The simple truth is that customer’s don’t care about the rep’s sales process. They care about their own buying process. For salespeople, understanding the buying process is where professional selling should start.
I have a book published by Harvard Business Review titled Business Classics: Fifteen Key Concepts for Managerial Success. The book contains the fifteen articles in HBR’s history that have sold the most reprints. One best-selling article, “What Makes a Good Salesman” by David Mayer and Herbert Greenberg, was published in 1964.
The author’s research found that there are just two essential qualities that make an effective salesperson: ego-drive (or personal ambition) and empathy. Empathy reflects your capacity to experience something through the eyes of another—in this case your customer. Wow, think about it! Five decades later, there is still a large audience for a message about the need to view selling as a facilitation of the customer’s buying process. Perhaps it’s a theme we have to keep re-learning because there has been so little discussion of just how to make this happen.
3 necessary ingredients for matching the sales process to the buying process
- See the process through the customer’s eyes. Rather than focusing on the steps of your sales process, define the steps your customer goes through when making a buying decision.
- Resist the urge to “prematurely pitch.” Talking about features and options will do you no good if the customer has not even decided to buy yet. Instead, think about what information you need to provide in order to move the customer to the next step in their buying process. Early on, for example, that means helping them understand the full extent of their needs so buying sooner rather than later becomes a priority. Later you can get into features and options that match those needs.
- Don’t gloss over the critical questions. Plan every sales call by asking yourself, “Where is this prospect at his/her decision-making process?” and “What does this customer need to learn in order to take their next buying step?”
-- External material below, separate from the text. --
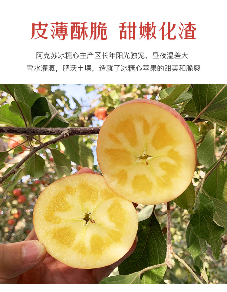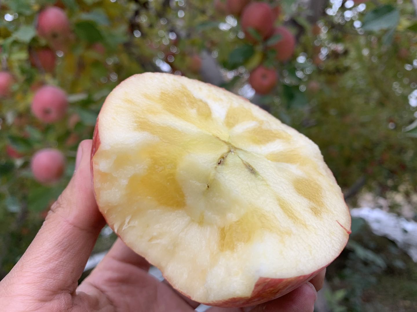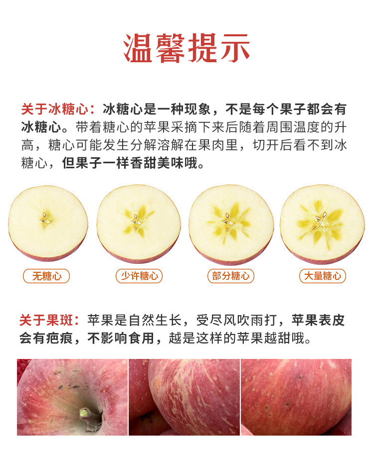 冰糖心是果子在寒冷低温的气候下果糖凝聚形成的一种自然现象,当果子放在常温中,冰糖心会随温度升高逐渐消失或变浅。

These practices can take you a long way to become a consultative salesperson able to empathize with customer’s buying needs. For more information on critical questions that salespeople should ask to drive the buying cycle, download our Quick Reference Guide: “Consultative Selling Matched to the Buying Process.”
Kevin: I like this blog and you have brought up some valuable ideas. Interesting that empathy as a key sales trait has been durable for over fifty years–and, I trust, longer than that. We have to keep re-learning empathy because sales culture often doesn’t reward it, and few know how to coach or mentor the behavior.
Anecdotally, I’m trying to think of a time that a salesperson who missed making his or her number, but had really, really satisfied customers was asked to keynote the annual sales kickoff. Nobody comes to mind.
There’s plenty of discussion about empathy, but it’s hard to embed in a sales organization. The salespeople I know who are over-the-top empathetic have developed the characteristic on their own terms, and as far as I know, not through a manager who encouraged, coached, or rewarded the behavior. I wrote about one empathetic salesperson in particular in a blog titled “To An Octopus, “50” Means Nothing.” (on CustomerThink) She found the best way to make her number was to be selective about which of management’s “best practice” advice she used with customers.
Andrew – Thanks for your comment, especially about sales managers not teaching empathy to their salespeople. It’s easier to be empathetic at the beginning of a quarter, much more difficult, and yet important, at the end. (Especially if a sales manager wants a customer to buy a 2nd time.) I’ll check out your blog.